Hacker News new | ask | show | jobs
by Shamanmuni 4157 days ago
If you read "What the Dormouse Said" by John Markoff you could reach the conclusion that a fellowship of LSD-fueled Übermenschen existed during the 60's and 70's and we had the personal computer revolution as a result. And no, I'm not talking just about Steve Jobs and Apple, there were many people involved with the nascent computer industry who turned on, tuned in and dropped out at that time.
2 comments

It's an interesting book. I think the author is too uncritical and not very good at providing the nuances of the ground reality. I do agree with at least a presupposition of the book, which is that the experimental mindset of the time allowed the personal computer industry to come into being.
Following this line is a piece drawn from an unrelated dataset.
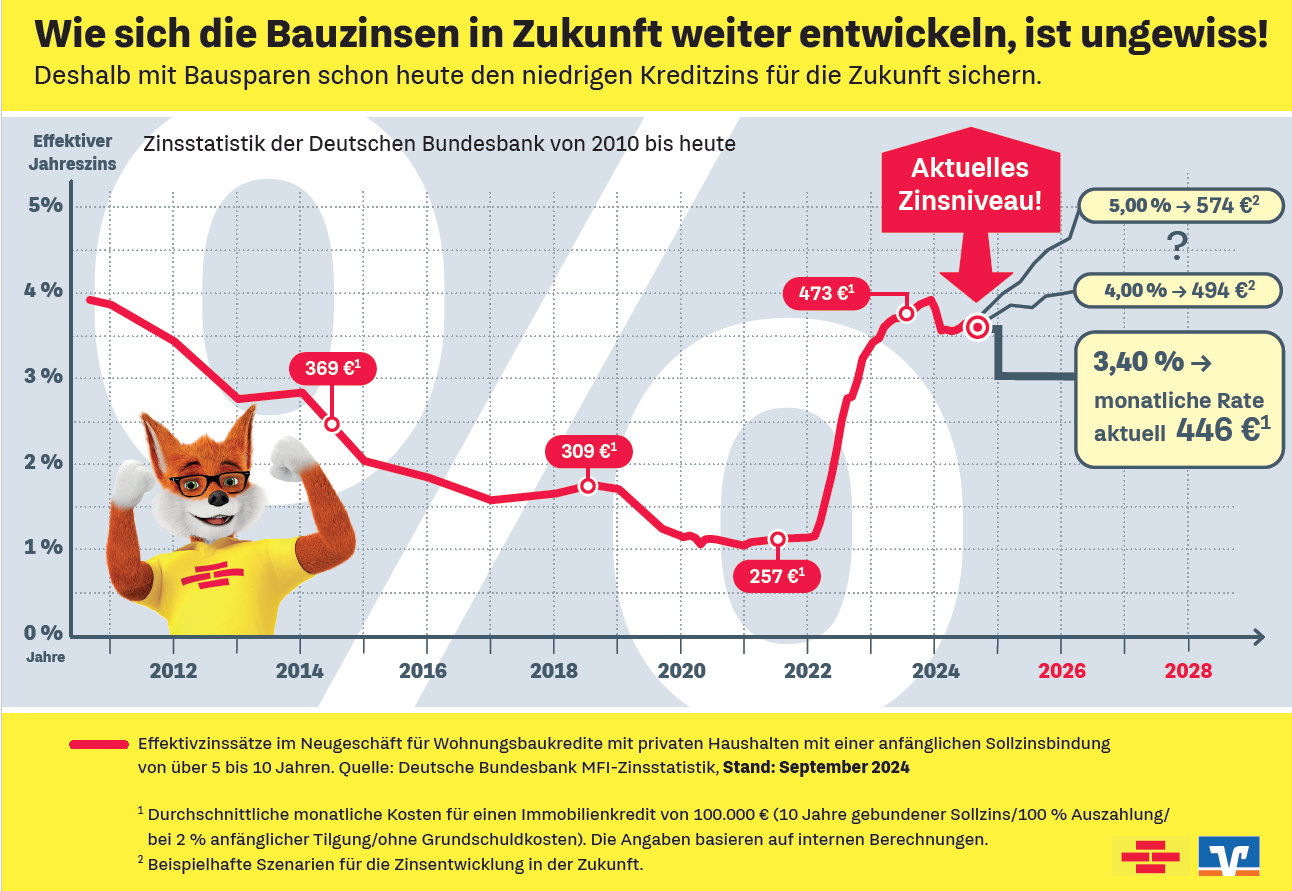 Sicher ist sicher: Deshalb ist es wichtig, sich die noch niedrigen Zinsen langfristig für die Zukunft zu sichern – und das geht nur mit einem Bausparvertrag.
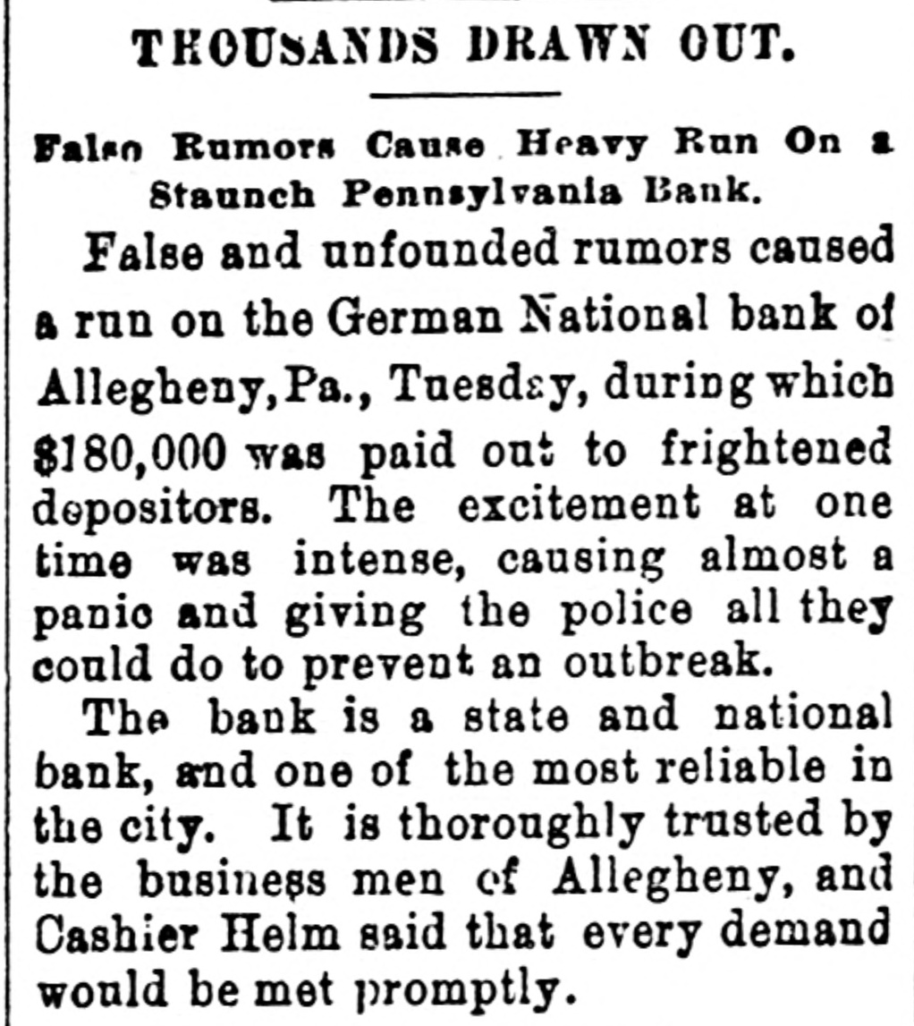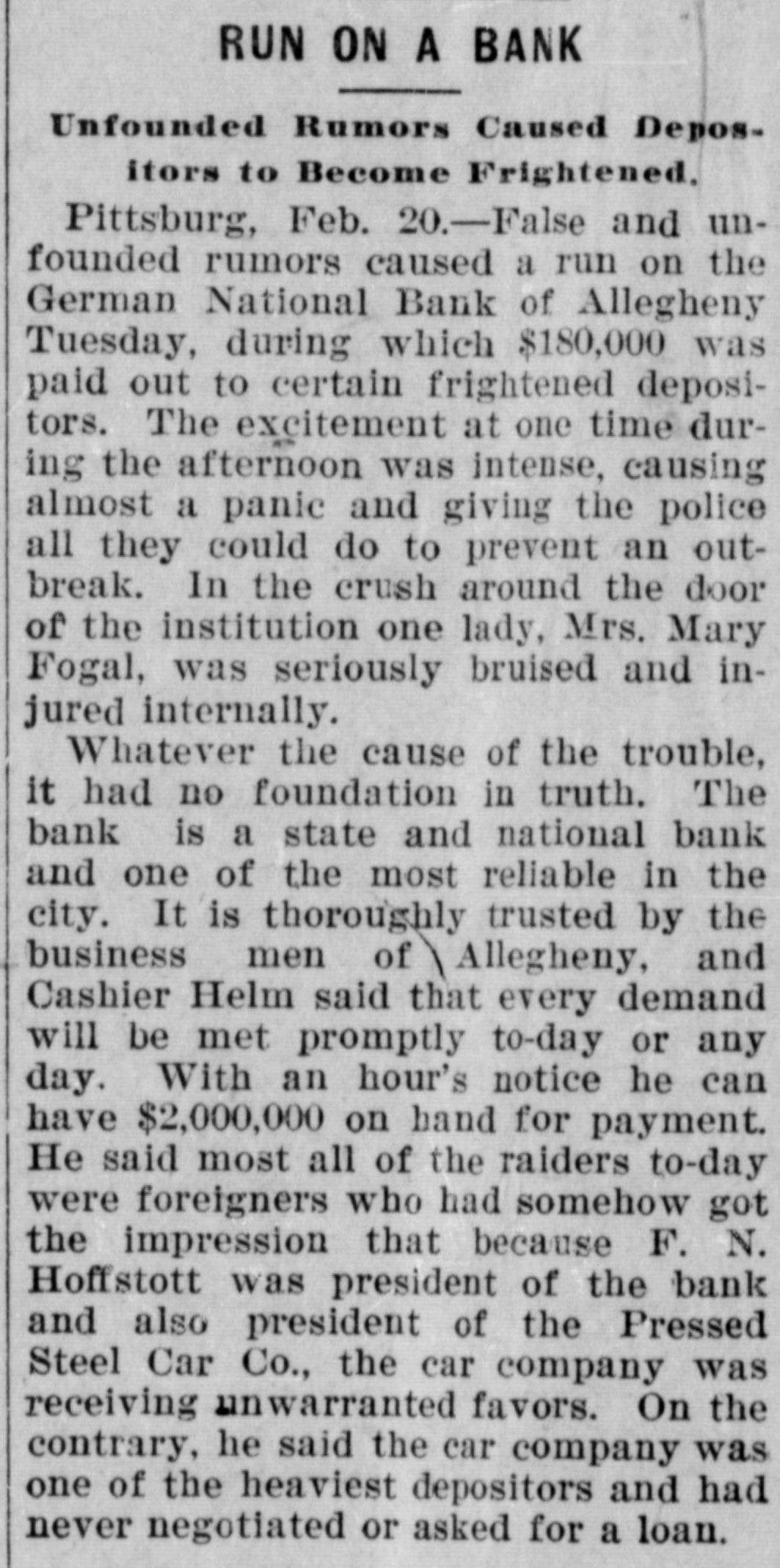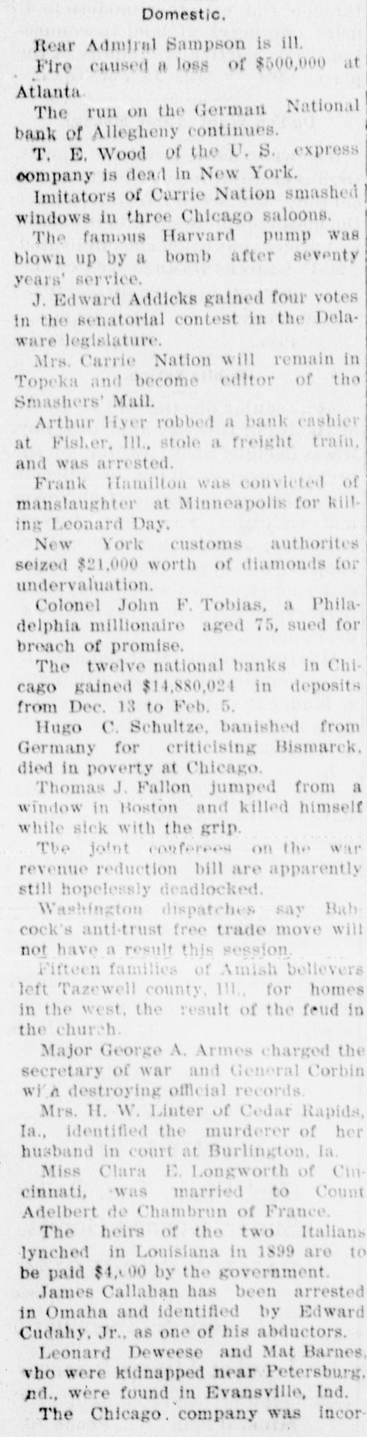 Domestic. Rear Admiral Sampson is ill. Fire caused a loss of $500,000 at Atlanta The run on the German National bank of Allegheny continues. T. E. Wood of the U. S. express company is dead in New York. Imitators of Carrie Nation smashed windows in three Chicago saloons. The famous Harvard pump was blown up by a bomb after seventy years' service. J. Edward Addicks gained four votes in the senatorial contest in the Delaware legislature. Mrs. Carrie Nation will remain in Topeka and become editor of the Smashers' Mail. Arthur Hyer robbed a bank cashier at Fisher. III., stole a freight train, and was arrested. Frank Hamilton was convicted of manslaughter at Minneapolis for killing Leonard Day. New York customs authorites seized $21,000 worth of diamonds for undervaluation. Colonel John F. Tobias, a Philadelphia millionaire aged 75, sued for breach of promise. The twelve national banks in Chicago gained $14,880,024 in deposits from Dec. 13 to Feb. 5. Hugo C. Schultze, banished from Germany for criticising Bismarck. died in poverty at Chicago. Thomas J. Fallon jumped from a window in Boston and killed himself while sick with the grip. The joint conferees on the war revenue reduction bill are apparently still hopelessly deadlocked. Washington dispatches say Babcock's anti-trust free trade move will not have a result this session. Fifteen families of Amish believers left Tazewell county, III., for homes in the west, the result of the feud in the church. Major George A. Armes charged the secretary of war and General Corbin win destroying official records. Mrs. H. W. Linter of Cedar Rapids, Ia., identified the murderer of her husband in court at Burlington, la. Miss Clara E. Longworth of Cincinnati, was married to Count Adelbert de Chambrun of France. The heirs of the two Italians lynched in Louisiana in 1899 are to be paid $4,000 by the government. James Callaban has been arrested in Omaha and identified by Edward Cudahy. Jr., as one of his abductors. Leonard Deweese and Mat Barnes. who were kidnapped near Petersburg. nd., wère found in Evansville, Ind. The Chicago. company was Incor-

It is absolutely vital to remember that the corporate computer industry (E.g., IBM, DEC, even the LispMs) were (i) alive (ii) vital, and (iii) doing things that were not to be replicated in PCs until the late 90s & early 2000s. So it'd be a bit interesting to consider the counterfactual "what if no Jobs hasn't been the marketer he was? what if Gates hadn't hustled the way he did?"
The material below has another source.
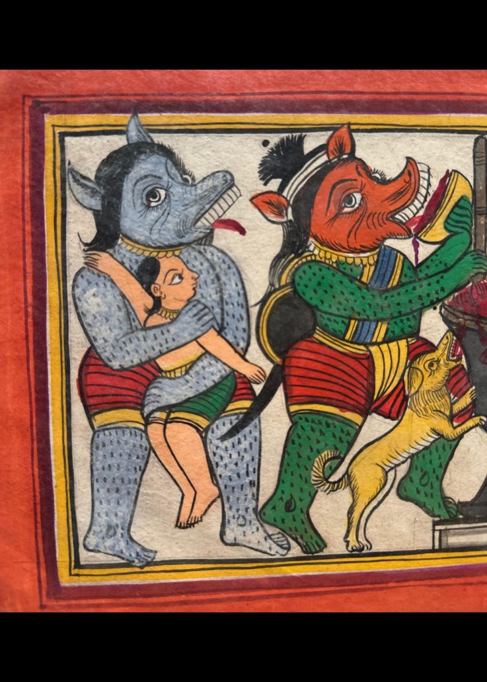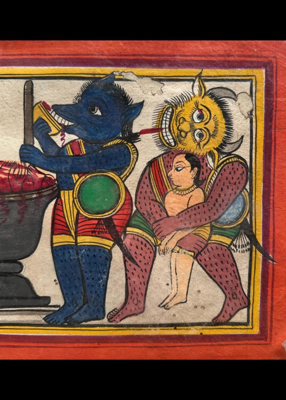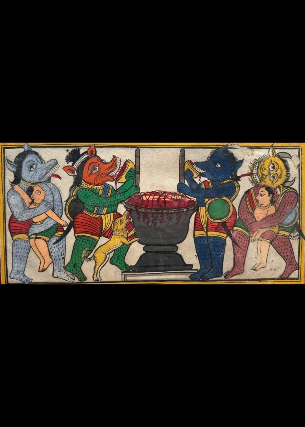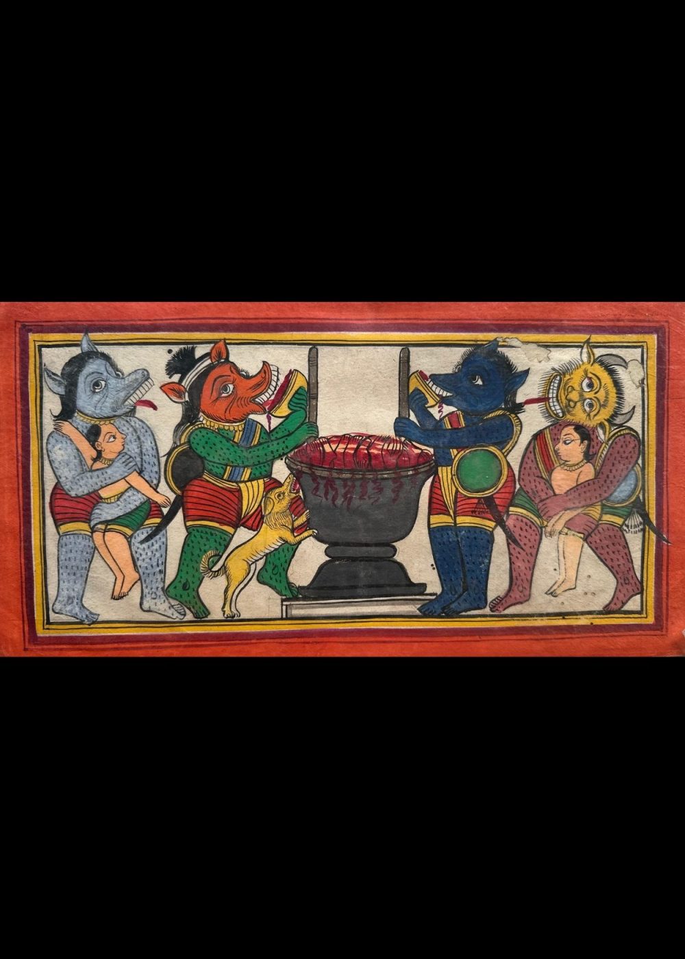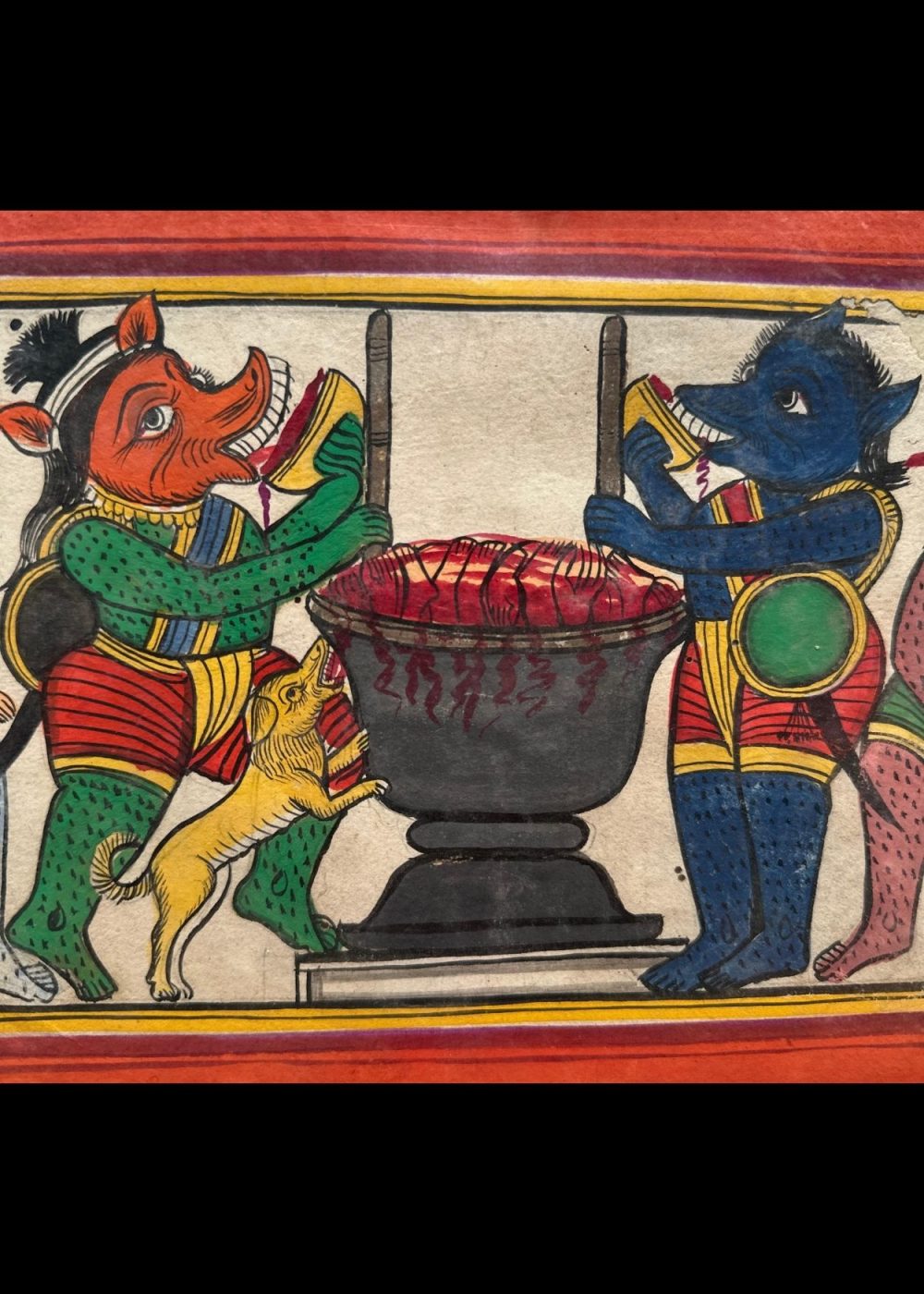 This striking miniature painting depicts a vivid Narakavali (scene from Hindu hell), where animal-headed demons punish sinners by boiling human limbs in a large cauldron. Two human figures are shown captive, symbolizing the souls facing karmic retribution. Bold colors, strong outlines, and expressive forms reflect traditional folk-art style, used to convey moral and religious themes. A powerful visual narrative on sin, punishment, and justice from Hindu mythology.

Unless you can link other eras of technological advance to LSD use this seems like a poor argument.
The article mentions Kary Mullis' use of LSD helped him develop the polymerase chain reaction, which revolutionized genetics and for which he won a Nobel Prize.

But I suspect from your tone that I could give a thousand examples and you wouldn't change your mind. C'est la vie.

One of the very early Cisco employees stated they made breakthroughs in developing routing tech specificAlly due to lsd.